Work request> Starting with the line that contains "완화 알루미늄 도시락", copy each line exactly through the end of the listing, and omit all pictures.

*** Opening of Data below ***

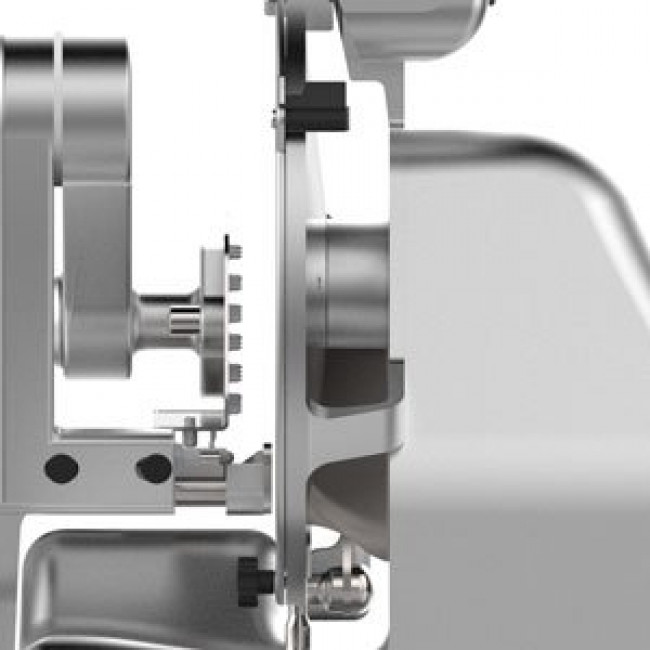 Linea arrotondata priva di spigoli e viti in vista. Affettatrice collocabile su un piano di lavoro da 70 cm con lama a costa bassa per minimizzare l’attrito con il prodotto e perno di scorrimento, cromato rettificato e lappato. Ottimo scorrimento del carro grazie alle boccole in ghisa lappate con carrello ammortizzato con paracolpi in gomma vulcanizzata.
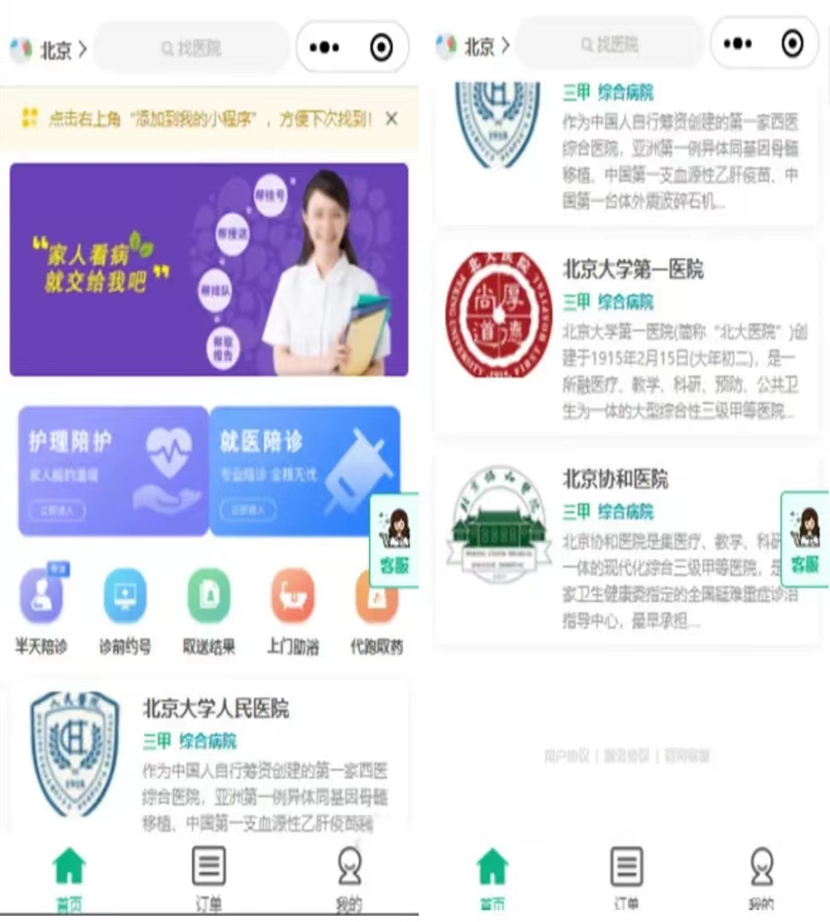 应用适合:A.正在兼职或全职进行陪诊服务的个人,通过小程序对外提供服务,可瞬间建立信任度和品牌形象,并通过小程序发展壮大自己的陪诊团队。
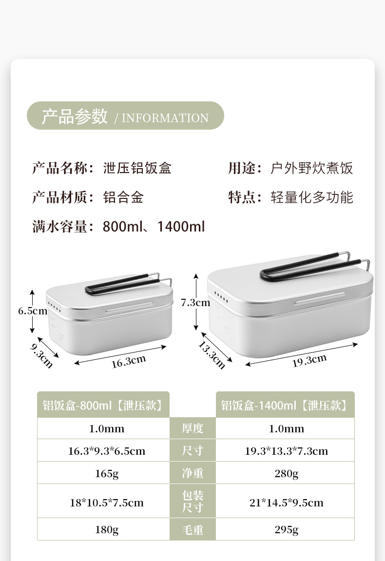 • 800ml 압력 완화 알루미늄 도시락
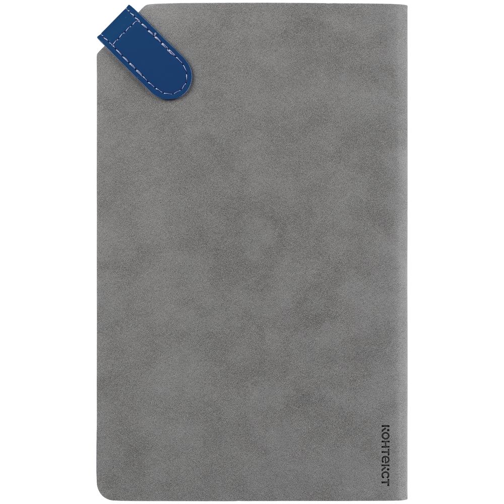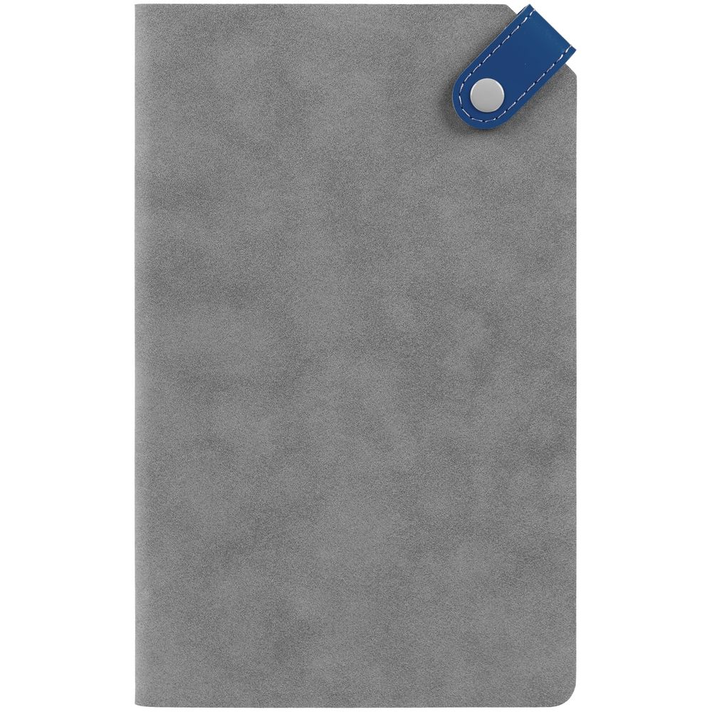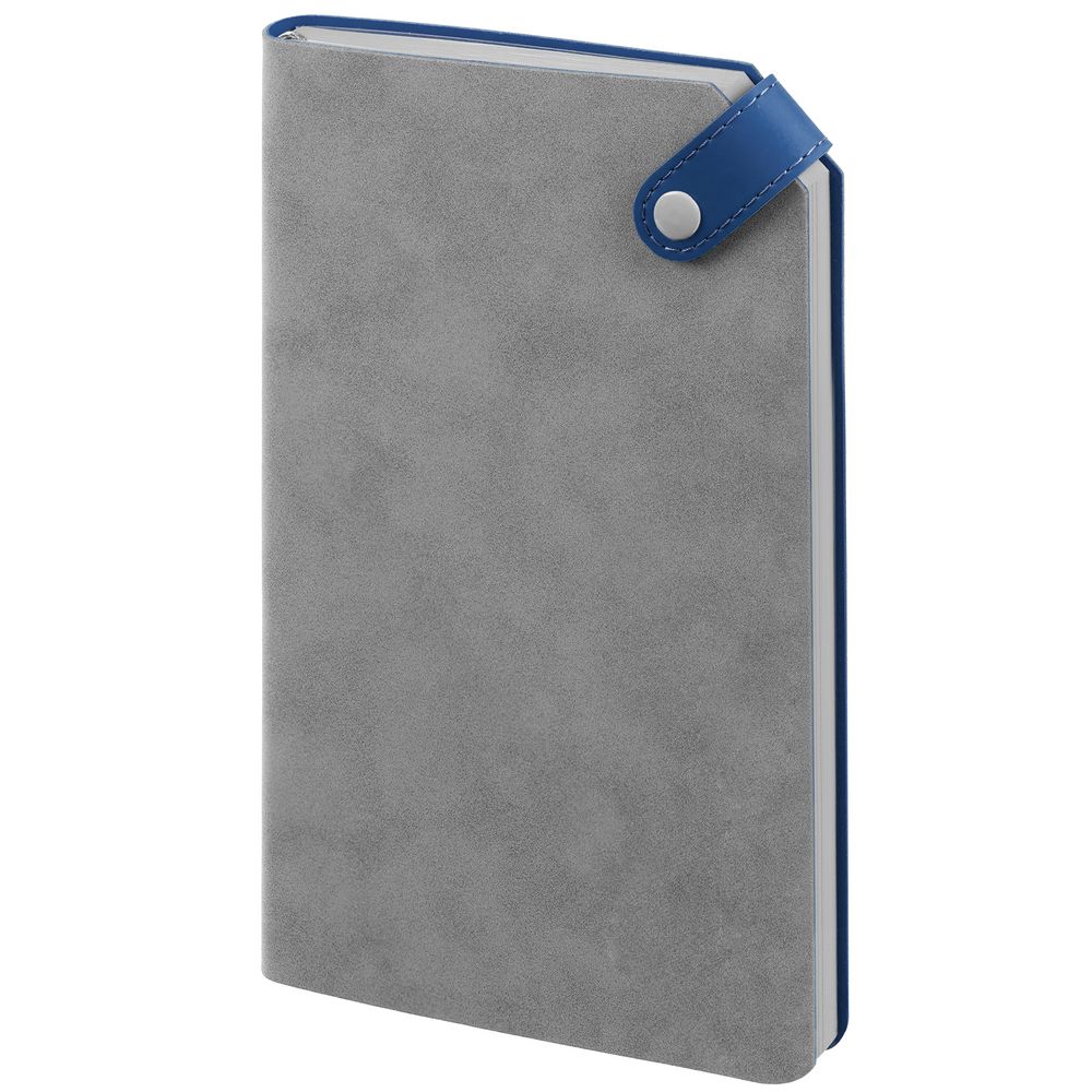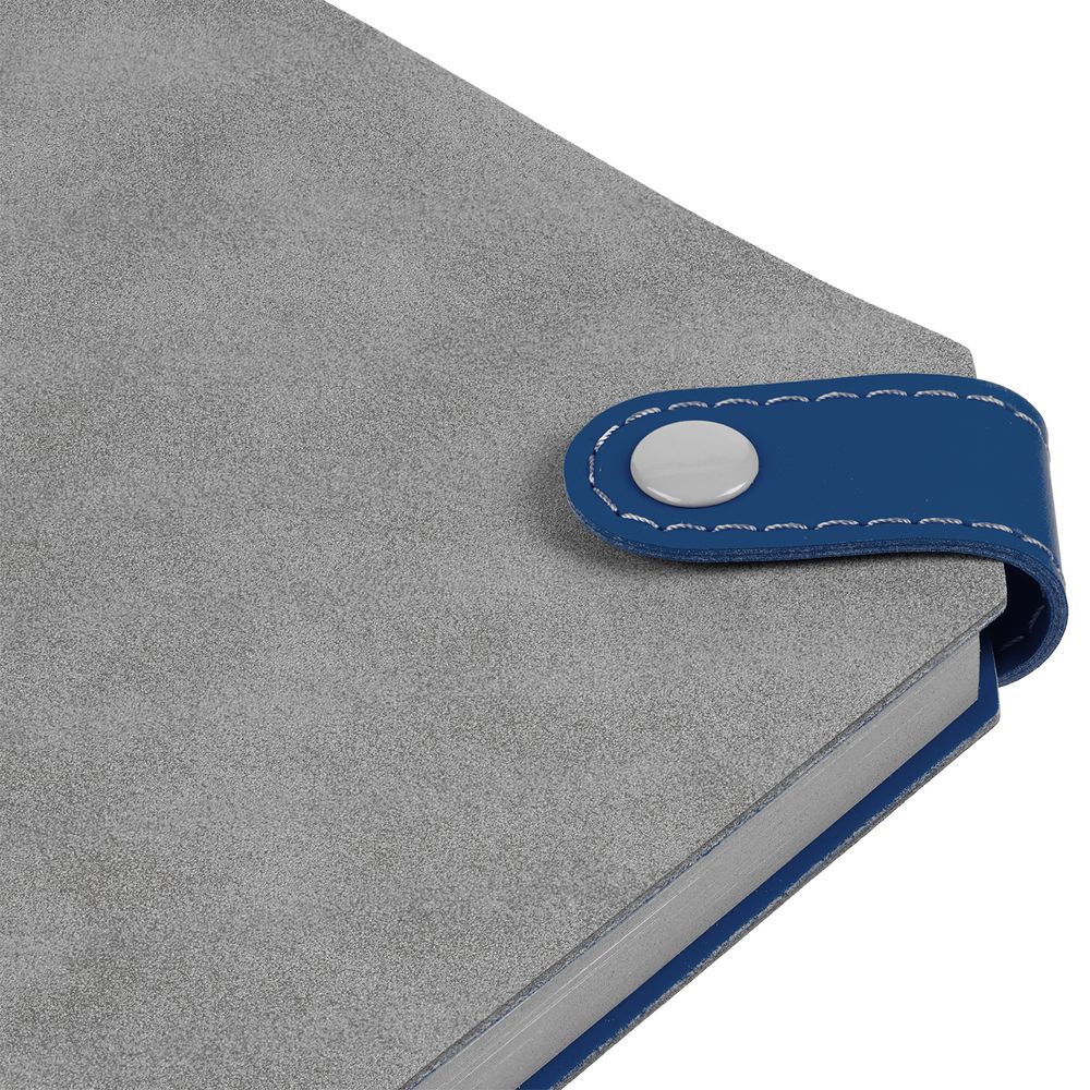 Ежедневник с гибкой обложкой, выполнен из материала Nubuck, серый СС и Soft Touch Ultra, синий; дополнен серым ляссе и хлястиком на кнопке.

*** Close of Data below ***

Problem solution>
 • 800ml 압력 완화 알루미늄 도시락
 Ежедневник с гибкой обложкой, выполнен из материала Nubuck, серый СС и Soft Touch Ultra, синий; дополнен серым ляссе и хлястиком на кнопке.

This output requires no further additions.